A visit to Ottawa, the capital of Canada, doesn’t usually include horses, unless you’re headed to the RCMP stables where the musical ride practices (though in the summer it’s on tour). Yet, there are a number of riding outlets not far from the city and that’s primarily because Ottawa, situated along the Rideau Canal and Ottawa River is scenic, surrounded by miles of rural land and prime outdoor country. Overlook the winters and you’ve got the Portland, Oregon of Canada … sort of.

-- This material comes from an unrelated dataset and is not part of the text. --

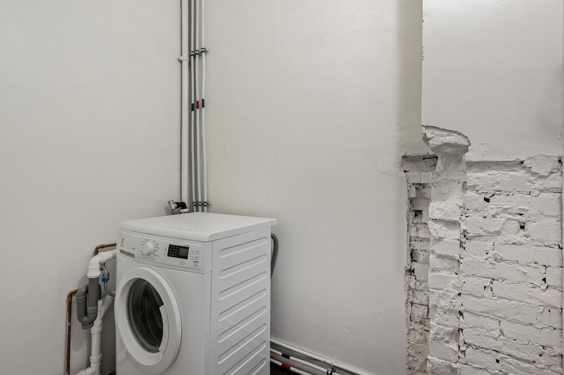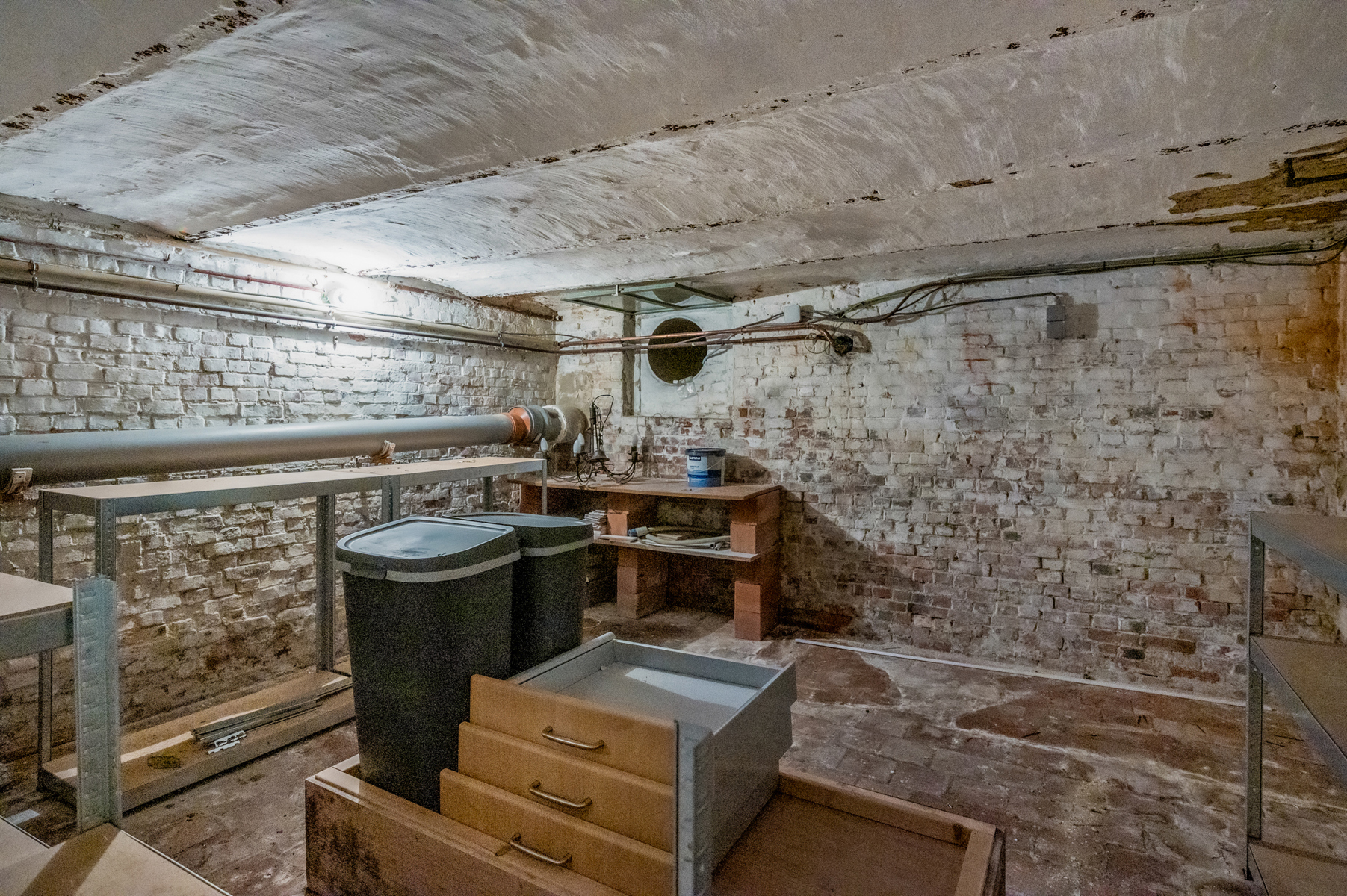 De kelder is toegankelijk vanuit de zithoek. Achteraan is er een tuin met bijgebouw; de tuin is eveneens bereikbaar via een aparte wegenis.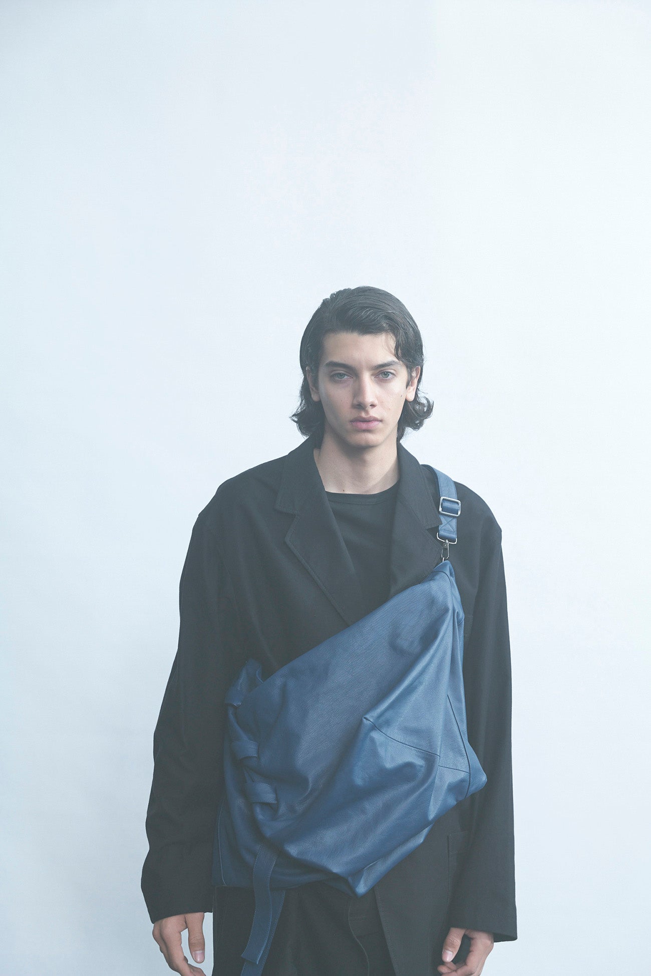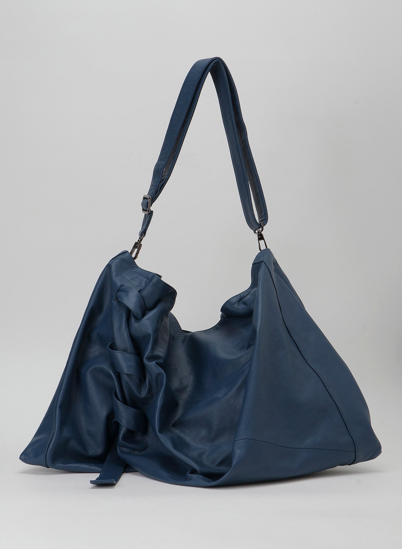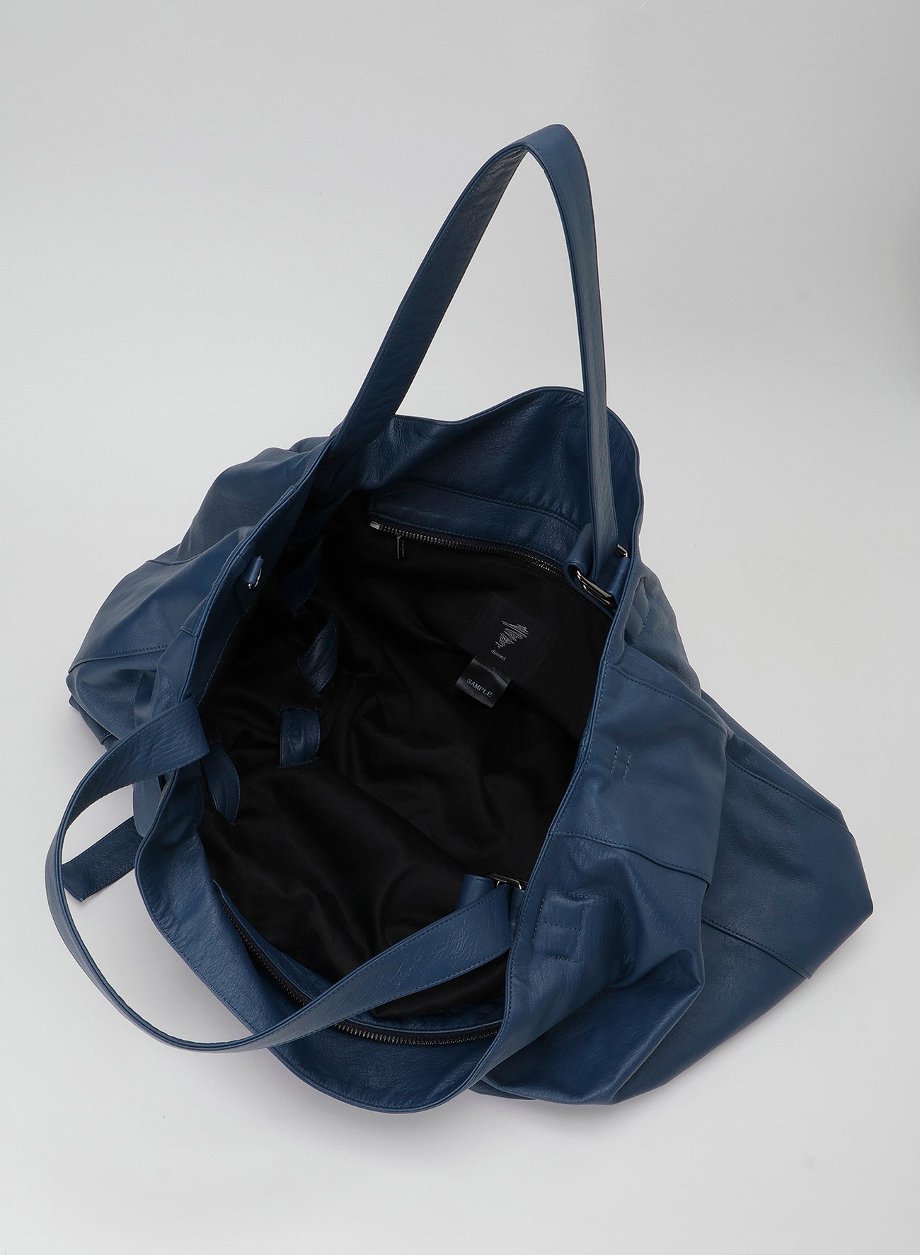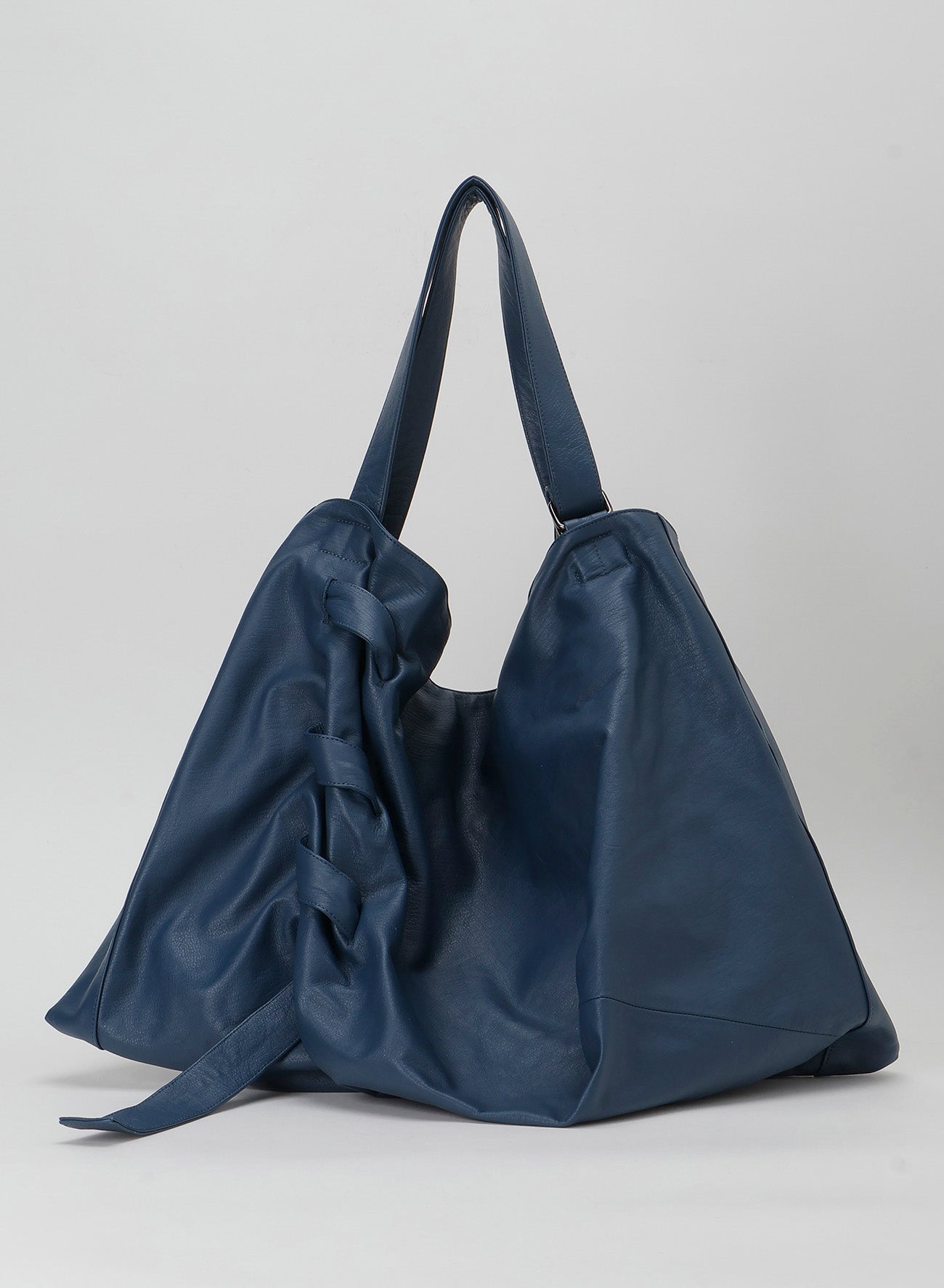 This tote bag design is characterized by its distinctive central drape when carried by the handle. It features a removable shoulder strap for crossbody use and an adjustable handle. The silhouette can be altered by adjusting the ribbon's tension. The bag is made of garment leather, showcasing its natural shine and unique surface variations.

Spend the evenings at a downtown Ottawa pub (there are plenty), then watch the weekend fireworks and/or light show on the Parliament Buildings (during the summer). But in the afternoon, drive 30 to 45 minutes to experience a view of the lush summer or fall landscape – hills, streams, farmland and forest – from the back of a five-year-old Arab thoroughbred cross … which is exactly what I did.
Captiva Riding Farms, located in Wakefield, Quebec, 30-minutes outside of Ottawa, recently underwent an ownership change, but only after 32-years of steady operation. Fifty horses have made these 400-plus acres their home, until last year when the farm bought ten more horses from a nearby stable, closed due to retirement.
Many of the Captiva horses, including Freya (the second time I’ve ridden a horse with that name), have been born here sired by any of the thoroughbred stallions on the farm. Originally, this was a thoroughbred breeding farm before it became a trail riding facility more than three decades ago, according to our young guide Isabella, who’s taking us on an ‘advanced’ ride that includes trotting through the hills and fields that make up this expansive property. (I passed on cantering based on the energy of my green mount).
The land around here is largely undeveloped – homes are built on the side of the hills under dense canopies of leaves. In the distance, we can see small ski hills; around us are fields and rock trails (some a little steep) cutting through the forest. Rich foliage covers the rolling hills of Wakefield, thanks the Gatineau River that meanders through the valley providing lakefront for homes and cottages and a passageway for recreational water vehicles.
Wakefield is a picturesque hamlet, anchored by the Wakefield Mill and Spa Inn. It’s the kind of town that makes an ideal backdrop for romantic rural weddings. Gift stores (including one dedicated to cats and dogs) line about three blocks of the road along the water, sharing space with many independent restaurants once serviced by a private steam train transporting people from Hull and Ottawa to the door of lakeside restaurants, only a few years ago. (There are plans to resurrect the train if the funding can be found to repair the washed out rail line or turn it into a bike path; however, the drive to Wakefield mainly along Highway 5 is easy).
Back on the farm, after a breakfast of homemade potato latkes, smoked salmon and fruit, at Wakefields’ Pot Au Feu along the river, I’m waiting for our afternoon trail ride to start so I visit the small ‘petting zoo’ of a couple of alpacas, a goat and some bunnies that participate in children’s birthday parties hosted here. To the public, one- or two-hour trail rides are offered. The property is big enough that on the two-hour ride you never see the same view twice, according to Isabella, who is now working here full-time after three summers of volunteering. The staff members are young, but well-managed. The horses are friendly with each other, a benefit of being part of a life-long herd.
A half-hour lesson is available, and recommended, before a ride. In fact, it’s mandatory for those less than 17 years old. Summer weekends are the busiest time, yet the farm accommodated our ride of two taking us away from the nose to tail experience and making it just a little more spunky. Winter rides are also available, though sleigh rides at that time are more popular. Colour changes of fall would be spectacular, so maybe I’ll make this my three-season destination … or dream of it anyway.